Lawmakers on both sides warned that severe cuts to many state programs were unavoidable. But they also seemed more optimistic than they have been in weeks that they could find a way out of California’s fiscal morass.
“We’re all going to get through this, and California is going to come through it just fine,” Senate leader Darrell Steinberg, Sacramento Democrat, said before entering a closed-door meeting with Gov. Arnold Schwarzenegger and the three other legislative leaders.
That Republicans, Democrats and Mr. Schwarzenegger were back on speaking terms and making apparent headway was a welcome sign after two weeks of acrimony and partisan infighting that temporarily derailed budget negotiations. During a low point last week, the office of the Assembly speaker, a Democrat, accused the governor’s office of disrespecting female lawmakers.
Over the weekend, lawmakers focused on reform proposals advanced by Mr. Schwarzenegger, who wants to weed out waste and abuse in welfare, in-home support and health care programs. His office says such reforms could save taxpayers an estimated $1.7 billion this fiscal year, money that could be used to make up for cuts in other programs.
The governor also has sought pension changes for new state government employees.
Funding for K-12 schools is a main sticking point. Senate Minority Leader Dennis Hollingsworth, Temecula Republican, said closing the deficit would have to involve school spending because it accounts for at least half of California’s annual budget.

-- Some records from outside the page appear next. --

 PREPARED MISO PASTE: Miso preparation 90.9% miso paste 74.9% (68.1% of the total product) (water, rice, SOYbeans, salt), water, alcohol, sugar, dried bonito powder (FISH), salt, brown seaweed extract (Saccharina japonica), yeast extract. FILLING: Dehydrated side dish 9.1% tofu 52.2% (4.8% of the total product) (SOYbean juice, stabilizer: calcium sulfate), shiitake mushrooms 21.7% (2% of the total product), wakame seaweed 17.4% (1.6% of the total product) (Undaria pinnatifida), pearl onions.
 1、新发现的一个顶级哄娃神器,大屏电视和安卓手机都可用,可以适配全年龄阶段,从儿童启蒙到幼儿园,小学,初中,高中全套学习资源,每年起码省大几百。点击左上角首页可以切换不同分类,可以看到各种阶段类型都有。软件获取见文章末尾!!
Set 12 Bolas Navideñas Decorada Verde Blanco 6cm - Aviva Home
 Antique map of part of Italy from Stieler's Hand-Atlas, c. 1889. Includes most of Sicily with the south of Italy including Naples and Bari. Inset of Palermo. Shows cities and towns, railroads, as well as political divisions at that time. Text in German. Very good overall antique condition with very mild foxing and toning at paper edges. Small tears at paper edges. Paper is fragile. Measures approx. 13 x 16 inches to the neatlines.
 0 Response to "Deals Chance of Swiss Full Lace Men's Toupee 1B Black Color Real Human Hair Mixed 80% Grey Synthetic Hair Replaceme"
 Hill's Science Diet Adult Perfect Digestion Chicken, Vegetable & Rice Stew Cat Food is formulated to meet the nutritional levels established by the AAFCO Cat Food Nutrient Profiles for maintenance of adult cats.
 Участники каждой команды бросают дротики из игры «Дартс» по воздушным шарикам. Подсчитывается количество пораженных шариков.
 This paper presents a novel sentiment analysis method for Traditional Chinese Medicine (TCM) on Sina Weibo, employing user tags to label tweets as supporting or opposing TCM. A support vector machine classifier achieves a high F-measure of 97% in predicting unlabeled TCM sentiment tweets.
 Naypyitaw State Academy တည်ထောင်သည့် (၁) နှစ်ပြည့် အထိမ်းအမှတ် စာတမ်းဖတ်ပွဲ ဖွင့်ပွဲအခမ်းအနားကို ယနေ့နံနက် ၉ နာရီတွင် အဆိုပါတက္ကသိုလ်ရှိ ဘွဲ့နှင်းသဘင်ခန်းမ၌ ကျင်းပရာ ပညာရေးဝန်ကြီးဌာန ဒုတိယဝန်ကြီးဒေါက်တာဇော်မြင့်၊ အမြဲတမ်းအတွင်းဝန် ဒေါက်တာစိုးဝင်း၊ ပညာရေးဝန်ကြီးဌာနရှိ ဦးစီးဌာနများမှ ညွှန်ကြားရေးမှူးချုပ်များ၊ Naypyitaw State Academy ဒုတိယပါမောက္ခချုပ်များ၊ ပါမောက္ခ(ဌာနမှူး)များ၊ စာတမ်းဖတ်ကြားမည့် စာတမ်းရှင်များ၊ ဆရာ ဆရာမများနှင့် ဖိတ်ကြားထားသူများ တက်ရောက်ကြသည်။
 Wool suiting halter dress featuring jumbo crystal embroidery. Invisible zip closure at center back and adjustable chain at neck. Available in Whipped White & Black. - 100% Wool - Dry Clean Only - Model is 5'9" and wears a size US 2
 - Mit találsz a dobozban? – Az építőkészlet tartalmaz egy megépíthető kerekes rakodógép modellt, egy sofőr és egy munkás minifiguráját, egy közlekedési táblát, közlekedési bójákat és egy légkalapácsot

The lawmakers were debating whether to suspend Proposition 98, a constitutional amendment passed by voters in 1988 that guarantees a minimum level of funding for schools each year. The funding also is supposed to rise each year based on the previous budget.
Earlier this year, lawmakers cut education spending by $8.6 billion over two years. Many districts are planning to lay off teachers and increase class sizes.
The efforts to close California’s budget shortfall for the fiscal year that began July 1 are going on against the backdrop of a deep recession that has led to an unprecedented drop in tax revenue.
Personal income tax, a cornerstone of how the California government funds its operations, dropped 34 percent during the first five months of the year. The latest reports from the state controller’s office show that the slide has continued into the summer, widening the gap between California’s spending obligations and its tax income.
The $26 billion deficit represents more than one-quarter of California’s general fund spending. For perspective, eliminating all spending on state prisons and higher education wouldn’t come close to eliminating that shortfall.